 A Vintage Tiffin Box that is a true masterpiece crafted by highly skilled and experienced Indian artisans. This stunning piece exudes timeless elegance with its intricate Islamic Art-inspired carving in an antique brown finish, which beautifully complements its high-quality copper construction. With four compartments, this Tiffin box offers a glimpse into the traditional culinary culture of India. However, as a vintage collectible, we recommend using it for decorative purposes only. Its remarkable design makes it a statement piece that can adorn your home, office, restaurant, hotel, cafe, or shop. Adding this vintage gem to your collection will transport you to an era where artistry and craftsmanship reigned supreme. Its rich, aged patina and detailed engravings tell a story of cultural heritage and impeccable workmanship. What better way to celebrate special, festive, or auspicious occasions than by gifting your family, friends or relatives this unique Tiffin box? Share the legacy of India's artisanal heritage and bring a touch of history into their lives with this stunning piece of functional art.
....
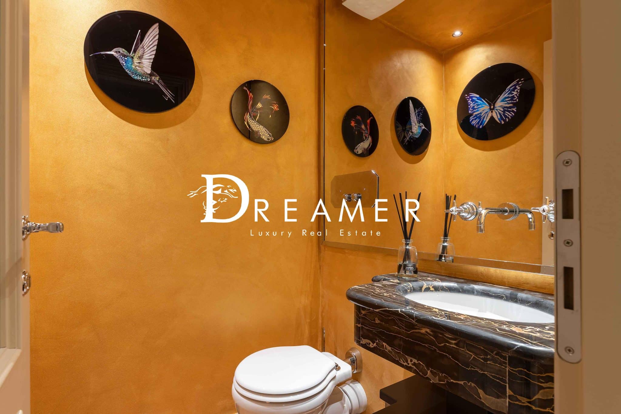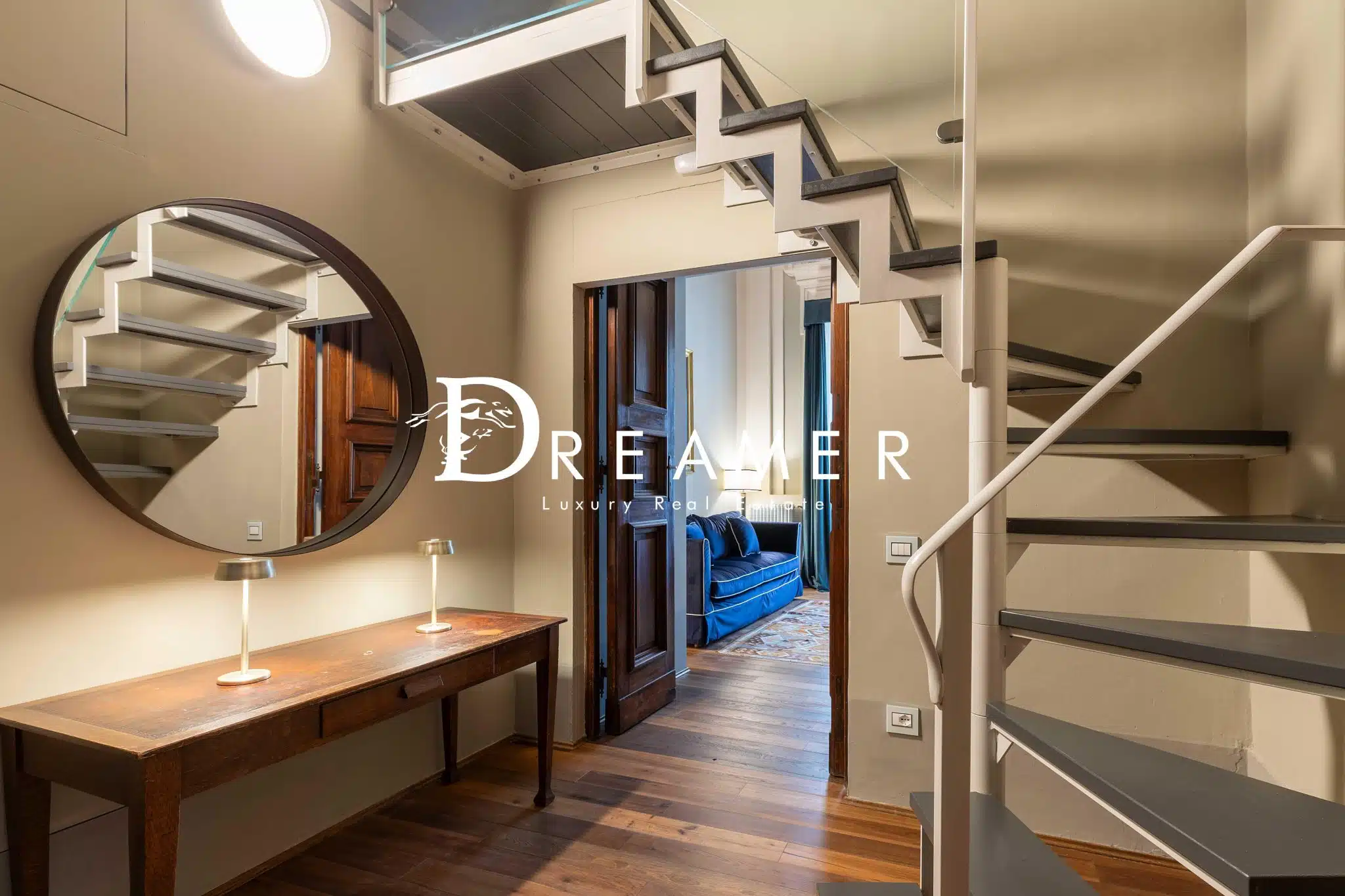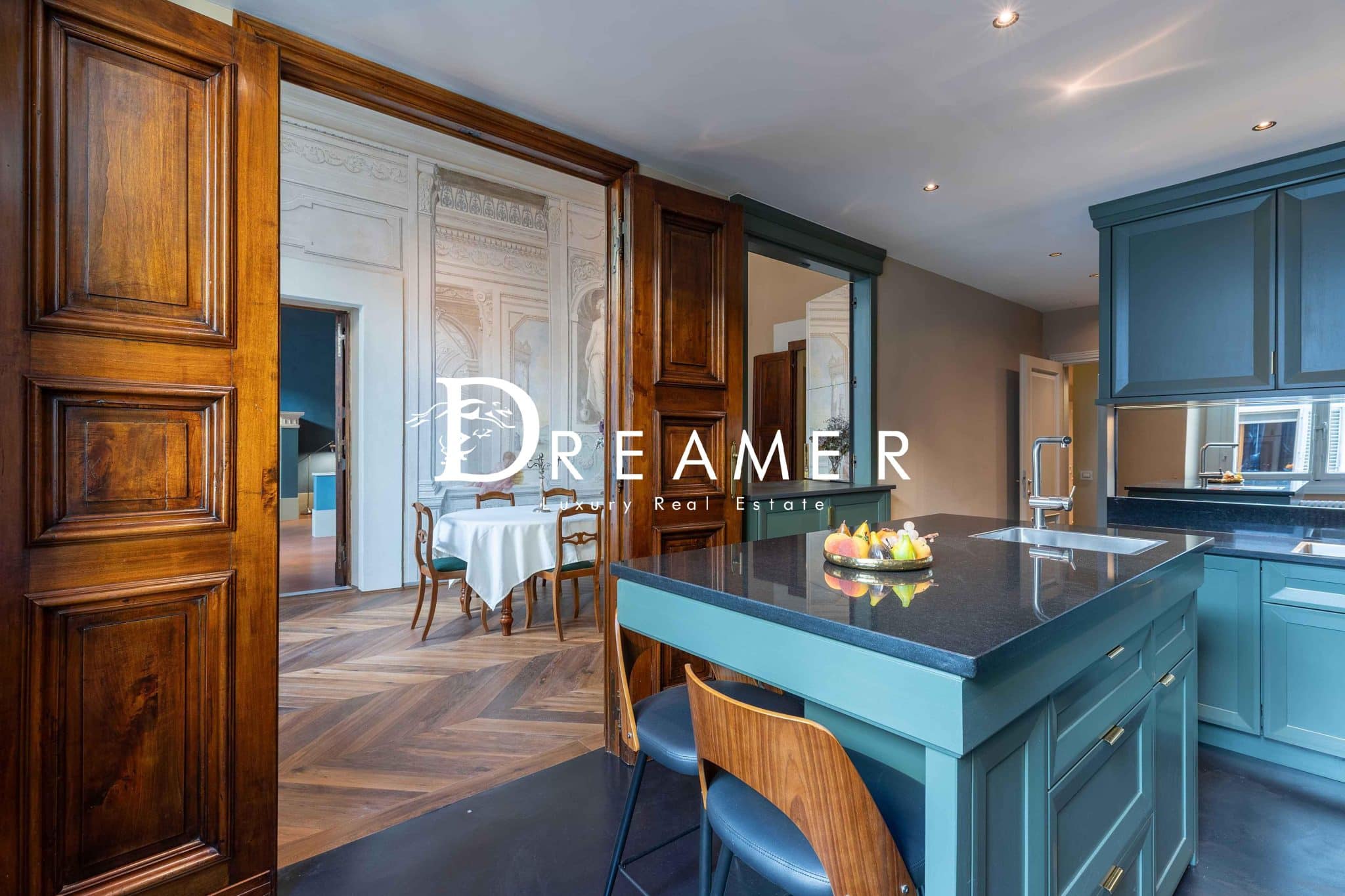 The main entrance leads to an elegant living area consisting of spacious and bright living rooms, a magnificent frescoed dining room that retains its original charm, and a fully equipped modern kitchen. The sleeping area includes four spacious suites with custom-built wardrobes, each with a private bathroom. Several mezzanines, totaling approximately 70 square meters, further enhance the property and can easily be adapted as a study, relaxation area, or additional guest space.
....
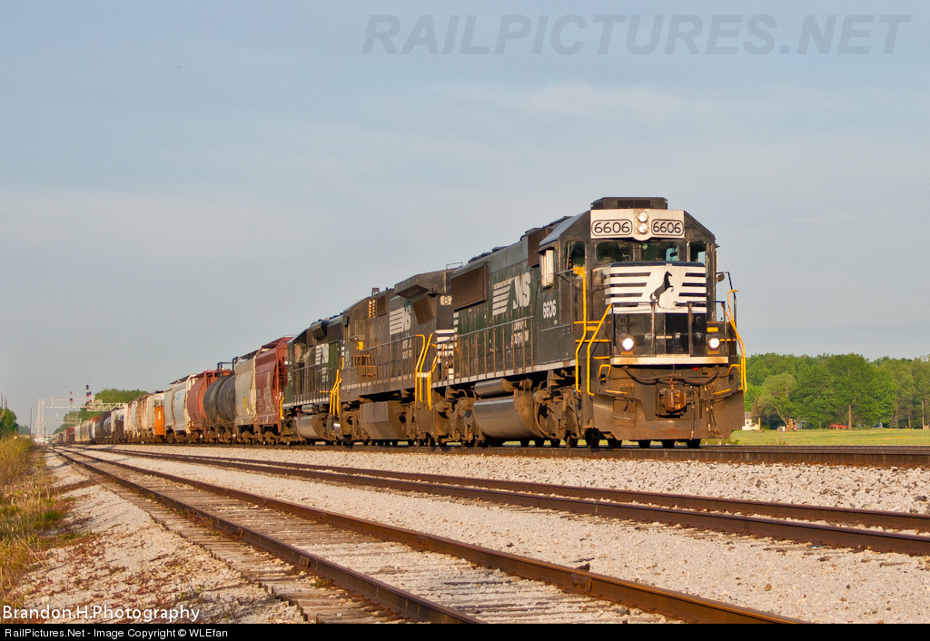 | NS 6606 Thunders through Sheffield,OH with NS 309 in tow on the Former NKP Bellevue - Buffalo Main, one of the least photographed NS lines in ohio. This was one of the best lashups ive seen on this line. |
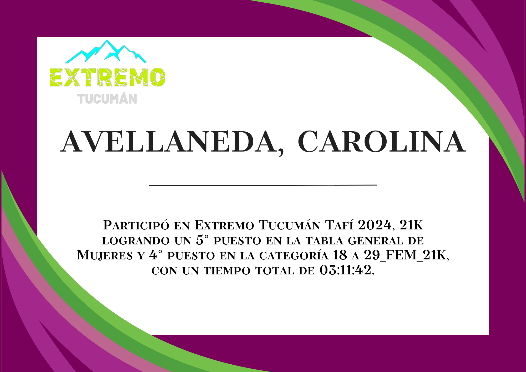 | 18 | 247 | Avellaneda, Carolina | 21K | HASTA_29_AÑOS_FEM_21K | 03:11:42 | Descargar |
....
**Prompt**
From the records above, return exactly the lines running from the one that contains "this line. |" down to the one that contains "03:11:42 | Descargar |", both included, without any pictures.

**Written answer**
 | NS 6606 Thunders through Sheffield,OH with NS 309 in tow on the Former NKP Bellevue - Buffalo Main, one of the least photographed NS lines in ohio. This was one of the best lashups ive seen on this line. |
 | 18 | 247 | Avellaneda, Carolina | 21K | HASTA_29_AÑOS_FEM_21K | 03:11:42 | Descargar |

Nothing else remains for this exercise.